In the 1980s, he made an important contribution to the West German peace movement by publishing a book (Richtige Angst und falsche Furcht) that addressed humanity's inability to sufficiently fear the potential nuclear self-destruction of humankind. This work already demonstrated his early commitment to exploring the psychological dimensions of peace preparation.

== Meetings with Stanislav Petrov and Mikhail Gorbachev ==
On 3 July 2016, Leo Ensel visited Stanislav Petrov, the ‘man who saved the world’, at his prefabricated apartment in Frjasino near Moscow to thank him for his level-headed behaviour on the night of 26 to 27 September 1983, which Petrov is believed to have prevented a Third World War.

On 18 April 2017 and 20 August 2019, he visited Mikhail Gorbachev at his foundation in Moscow. The two discussed the modalities of a "New Thinking 2.0". He later published his "Questions for Mikhail Gorbachev and for all of us" concerning "New Thinking 2.0" on the Gorbachev Foundation website.

== Wörterbuch der Kriegstüchtigkeit ==

Since May 2025 he is publishing the Wörterbuch der Kriegstüchtigkeit (Dictionary of War Readiness), which is published in sequels. His dictionary examines critically the German debate about the Ukraine war, which is characterized by warmongering and propaganda, increased arms deliveries, enemy images, fear of Russians, and belief in military power.

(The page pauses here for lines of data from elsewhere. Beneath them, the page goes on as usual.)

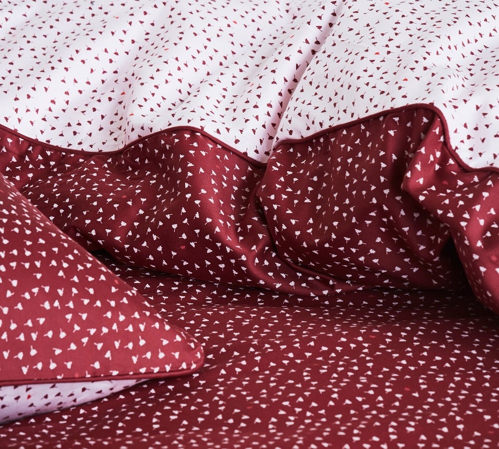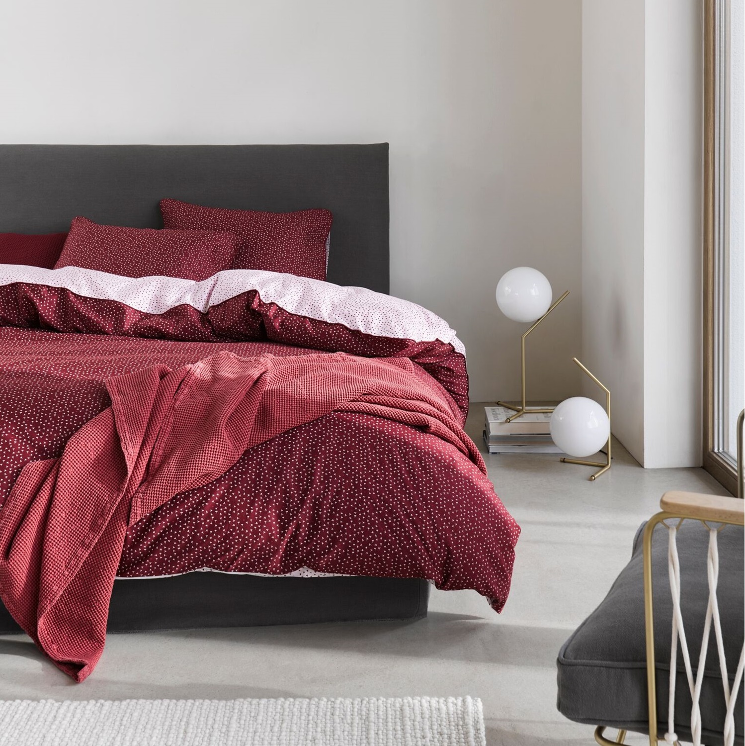 Auf der wunderschönen roten Bettwäsche Svara von Marc O’Polo regnet es Blumen. Oder besser gesagt: Weht es Blumen, denn die weißen Blumen wurden in alle Richtungen verteilt - herrlich verspielt! Ab und zu wird man von einer Blüte in hellerem Rot überrascht. Auch auf der weißen Rückseite wurden unzählige Blumen verstreut. Blumen in Hülle und Fülle!
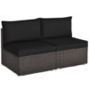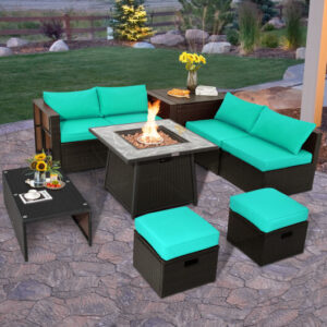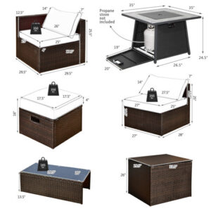 Specifications: Color of Cushions: Black/Gray/Navy/Red/Turquoise/Off White Material: PE Rattan Steel Tempered Glass Polyester Sponge Ceramic Heat Output: 50 000 BTU Overall Dimension of Fire Pit Table: 35″ x 35″ x 24.5″ (L x W x H) Overall Dimension of Coffee Table: 39.5″ x 20″ x 13.5″ (L x W x H) Overall Dimension of Storage Box: 33.5″ x 29.5″ x 26″ (L x W x H) Overall Dimension of Each Ottoman: 17.5″ x 17.5″ x 16″ (L x W x H) Overall Dimension of Each Corner Sofa: 29.5″ x 29.5″ x 25.5″ (L x W x H) Overall Dimension of Each Armless Sofa: 28″ x 27″ x 25″ (L x W x H) Dimension of Each Ottoman’s Cushion: 17.5″ x 17.5″ x 4″ (L x W x Thickness) Dimension of Each Corner Sofa’s Back Cushion: 26″ x 14″ x 7″ (L x W x Thickness) Dimension of Each Corner Sofa’s Seat Cushion: 25″ x 25″ x 4″ (L x W x Thickness) Dimension of Each Armless Sofa’s Back Cushion: 27.5″ x 14″ x 7″ (L x W x Thickness) Dimension of Each Armless Sofa’s Seat Cushion: 27″ x 25″ x 4″ (L x W x Thickness) Overall Dimension of Full Storage: 93″ x 29.5″ x 26″ (L x W x H) Seat Height from the Ground for Each Corner Sofa: 12.5″ Seat Height from the Ground for Each Armless Sofa: 13.5″ Net Weight of Fire Pit Table: 77 lbs Net Weight of Coffee Table: 23 lbs Net Weight of Storage Box: 22 lbs Net Weight of Each Ottoman: 10 lbs Net Weight of Each Corner Sofa: 20 lbs Net Weight of Each Armless Sofa: 18 lbs Weight Capacity of Fire Pit Table: 330 lbs Weight Capacity of Coffee Table: 165 lbs Weight Capacity of Each Ottoman: 350 lbs Weight Capacity of Each Corner Sofa: 350 lbs Weight Capacity of Each Armless Sofa: 350 lbs Package Includes: 1 x Fire Pit Table 1 x Bag of Lava Rock 1 x AAA Battery 1 x Fire Pit PVC Cover 1 x Coffee Table 1 x Storage Box 1 x Sofa Set Waterproof Cover 2 x Ottomans 2 x Corner Sofas 2 x Armless Sofas 2 x Ottoman’s Cushions 4 x Back Cushions 4 x Seat Cushions 2 x Instructions
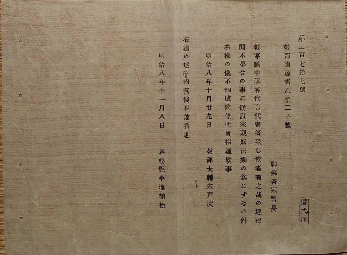 f20032302〇明治布告 教導職中訴答代言代書等致し候物有之 明治8年 福島県 若松県〇和本古書古文書| 出价者 | 信用 | 价格 | 时间 |
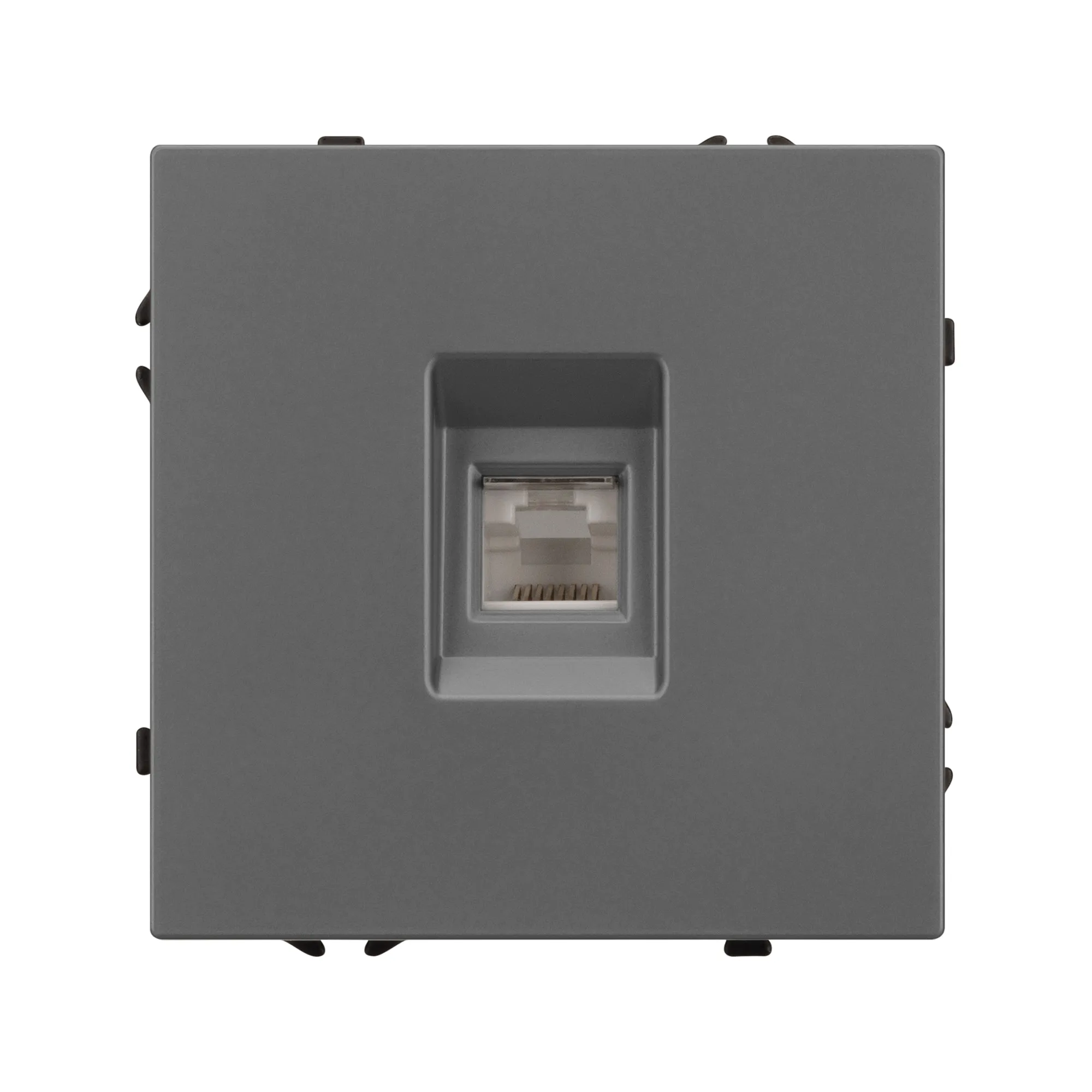 Механизм компьютерной розетки совместим с рамками серии NOBE, создает утонченный минималистичный вид. Скрытый тип монтажа позволяет гармонично встроить в интерьер любого современного дизайн-проекта. Видимая часть механизма выполнена из высококачественного пластика цвета серый базальт и имеет Soft-Touch покрытие, что придает изделию приятные тактильные ощущения и стильный внешний вид.
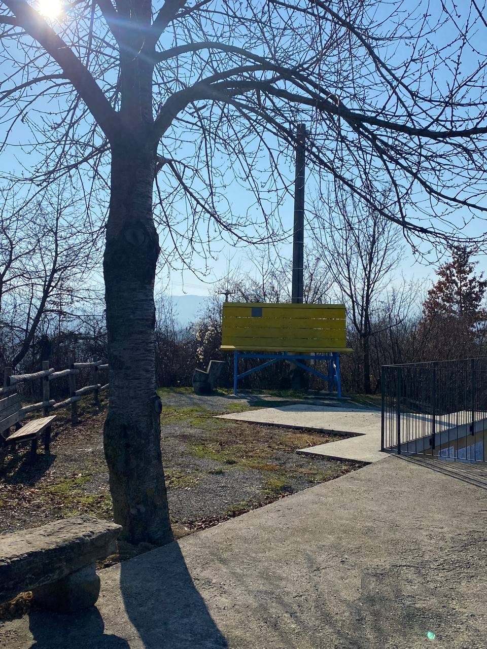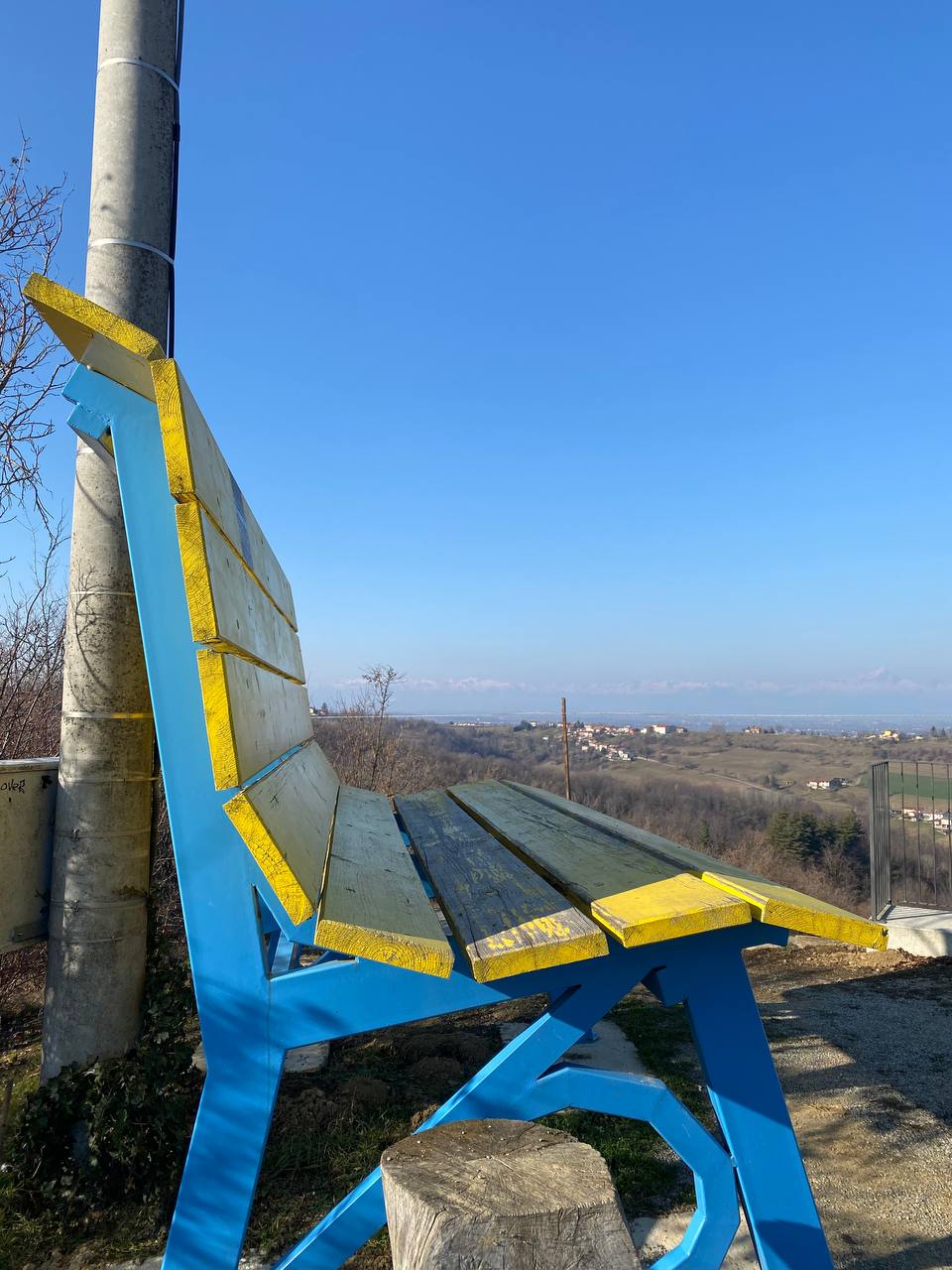 La panchina è avvolta in una quiete surreale, affacciata su un territorio ricco non solo di bellezza ma anche di cultura.
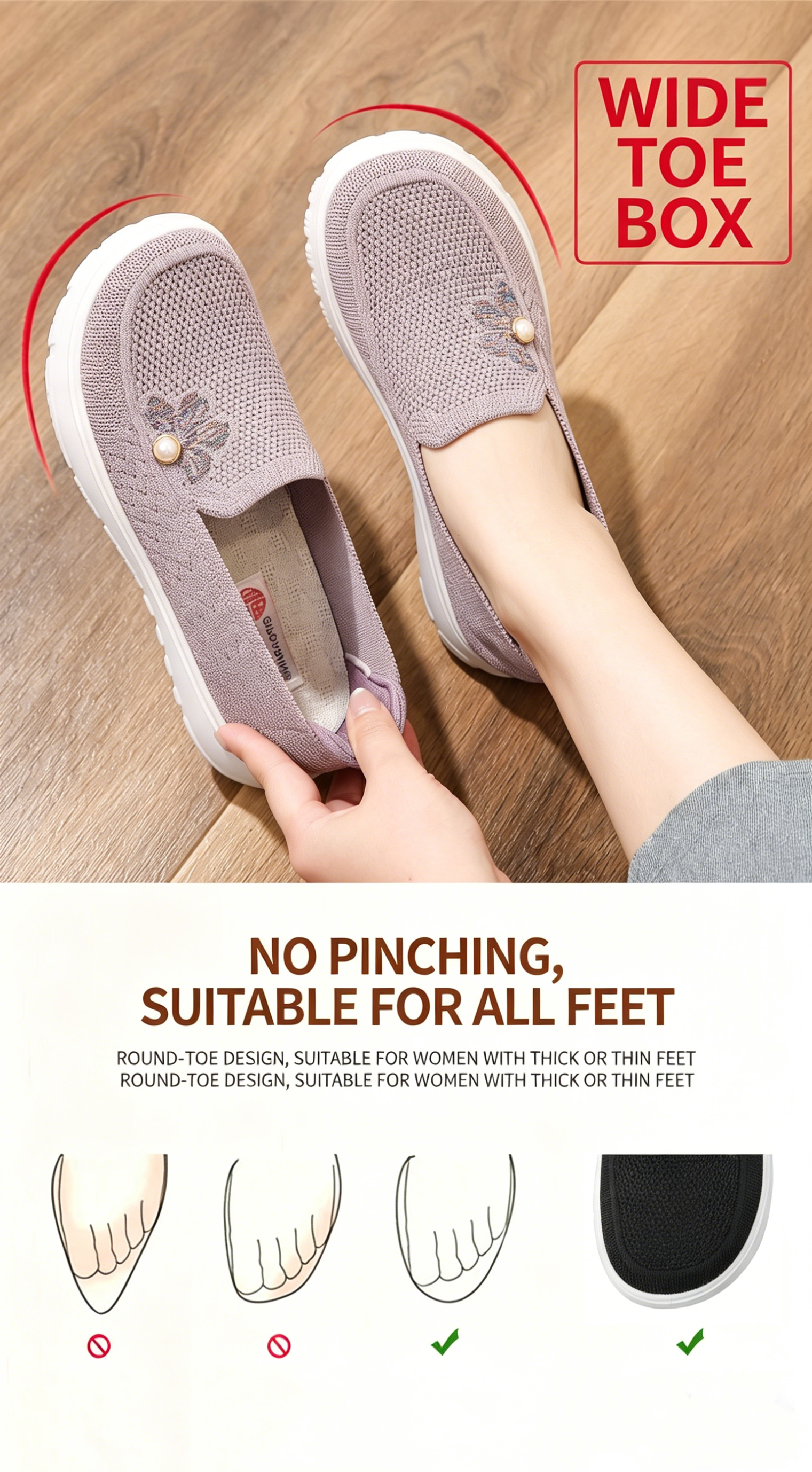 ✅Breathability: The material ensures excellent ventilation, preventing excessive foot sweating and maintaining a fresh feel.

In his “Reflections on the Ukraine War”, he presents various perspectives and opposing arguments side by side in an unbiased manner, including viewpoints rarely represented in major newspapers, radio, and television that contradict the mainstream. In recent times he is preoccupied with apathy and shock in the face of the escalation of this war and wonders why the fears of a widening of the war remain silent and without consequences.

== Selected works ==
- Wörterbuch der Kriegstüchtigkeit (2025)
- Deutschlandbilder in der GUS: Szenische Erkundungen in Russland und Kasachstan. Oldenburg: BIS, 2001.
- Russen und Deutsche. Oldenburg: Zentrum für Pädagogische Berufspraxis, multiple editions: 1998, 1999 (revised and expanded), 2000 (3rd expanded reprint).
- Bilder vom fremden deutschen Alltag – Szenische Erkundung des innerdeutschen Ost-West-Konflikts. Oldenburg: Universität, ZpB, 1996.
- Richtige Angst und falsche Furcht – Psychologische Friedensvorbereitung und der Beitrag der Pädagogik. Frankfurt am Main: Fischer-Taschenbuch-Verlag, 1984.

===Contributor===
- Warum wir uns nicht leiden mögen. Was Ossis und Wessis voneinander halten. Münster: Agenda-Verlag, 1993 (1st ed.), 1995 (2nd ed.). (Contents)
- Quer zu den Disziplinen : Beiträge aus der Sozial-, Umwelt- und Wissenschaftsforschung. Offizin- Verlag Hannover, 1997, ISBN 3930345110
- Hermann Theisen (ed.): Bedrohter Diskurs: Deutsche Stimmen zum Ukrainekrieg. Donat Verlag, Bremen Jan 2024

===Short analyses===
- NATO in Ukraine's war: provocation and failure to prevent: Arsonists, sleepwalkers and the ignorant
- Die zweite Rede des Wladimir Putin: 15 Jahre nach der Münchner Sicherheitskonferenz 2007
- Reflexionen zum Ukrainekrieg – Der Krieg fiel nicht vom Himmel - Oder: Die Bedeutung der Deutung
- Über das neue Friedensplädoyer von Michail Gorbatschow
- Militärs und Diplomaten wollen "raus aus der Eskalationsspirale"
- Über die Aktualität des Neuen Denkens
- Der Mann, der die Welt vor einem Atomkrieg rettete.